Interfax-Ukraine
19:29 15.03.2012

Reason for Mavrodi's arrest is information obtained by Ukrainian hackers, Internet party says

3 min read

Kyiv, March 15 (Interfax-Ukraine) – Leader of the Ukrainian Internet party Dmytro Holubov said that the founder of the notorious MMM pyramid scheme, Sergei Mavrodi, was arrested on the basis of information obtained by the Ukrainian computer hackers.

"Ukrainian hackers managed to get the passports of Mavrodi, which he wanted to use to move to another country, and also lists of depositors, and totals that were deposited by the members of the pyramid scheme. Soon all these findings could be on the Internet," Holubov said at the press conference at the Interfax agency on Thursday.

According to him, Mavrodi planned to leave the territory of Russia on March 15-16 with another passport under another name.

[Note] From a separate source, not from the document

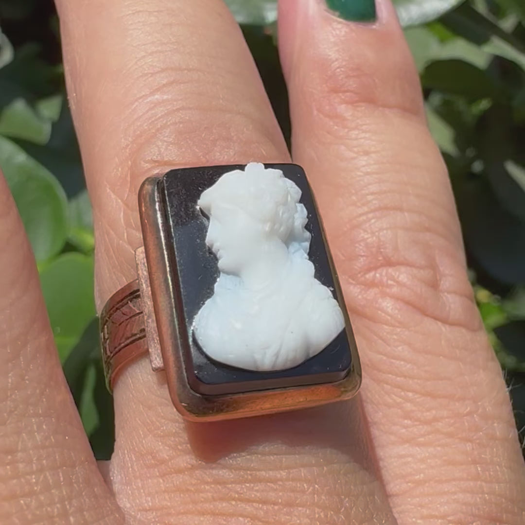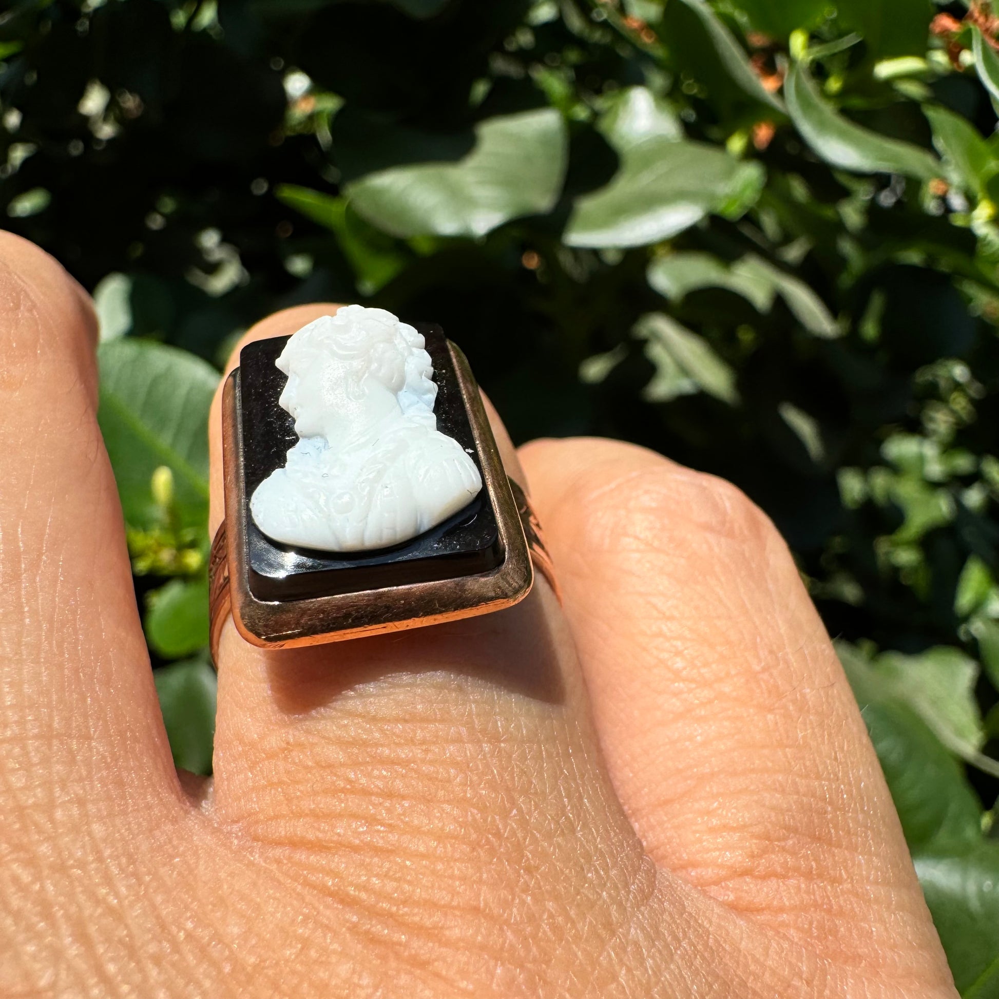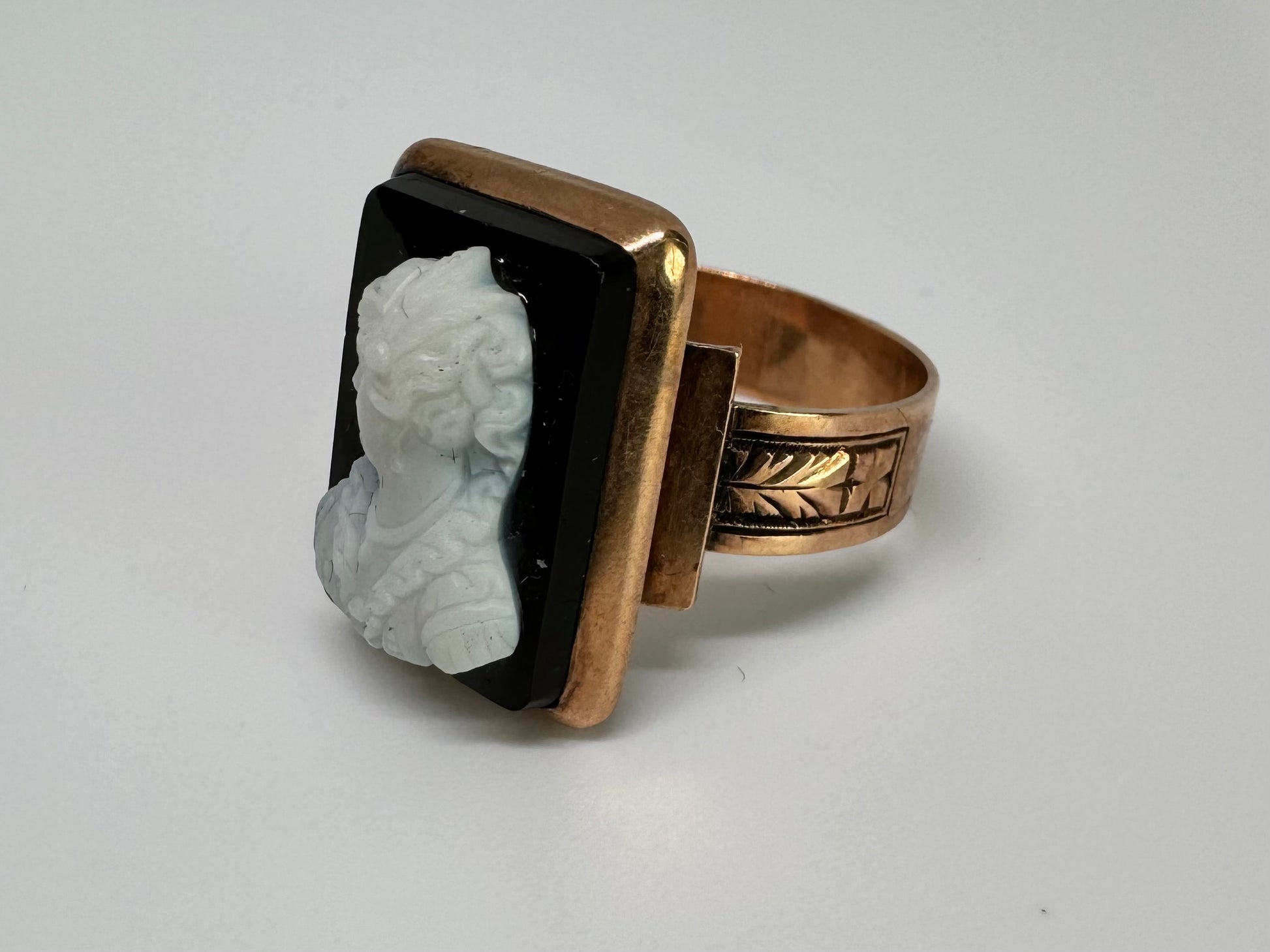 טבעת זהב 14 קראט ״קמאו״ גילוף על צדף

In particular, the Ukrainian hackers managed to get a copy of Mavrodi's Lithuanian passport, with which he probably tried to leave the country. The plans were revealed by correspondence Mavrodi had with embassies of other countries.

"I handled this correspondence and the copies of the original of his Lithuanian passport to the Russian Federal Security Service," Holubov said. He said such actions should prevent Mavrodi from being able to leave Russia.

The Internet party is also going to announce its findings about new depositors in Mavrodi's pyramid scheme, he said.

Holubov said that in Kazakhstan there are about 250 depositors, in the Ukrainian city of Odesa about 3,000, and in Moscow from 12,000 to 15,000 depositors.

"I'll soon gradually post the lists of depositors on the Internet, since in 1994 simple Soviet people became the victims of the pyramid, people who used to trust the television, but in 2011 80% of the depositors in MMM are just greedy people, who decided to do nothing, live at the expense of other people, and parasitize," he said.

The leader of the Internet party predicts that now the depositors would like to return their money, otherwise they will be 'pocketed'," he said.

As reported, on March 14, Sergei Mavrodi, the founder of Russia's notorious MMM pyramid scheme, was put under five days' arrest as punishment for the non-payment of a 1,000-ruble fine.

In January 2011, Mavrodi said he had set up a financial project called MMM-2011, with the MMM acronym standing for "My Mozhem Mnogoye [We Are Capable of a Great Deal]."

At a joint meeting on January 21, the expert council for financial market competition of the Federal Anti-Monopoly Service (FAS) and the Federal Financial Markets Service declared MMM-2011 to be another pyramid scheme. The FAS passed over the assessment and findings of research underlying it to the police.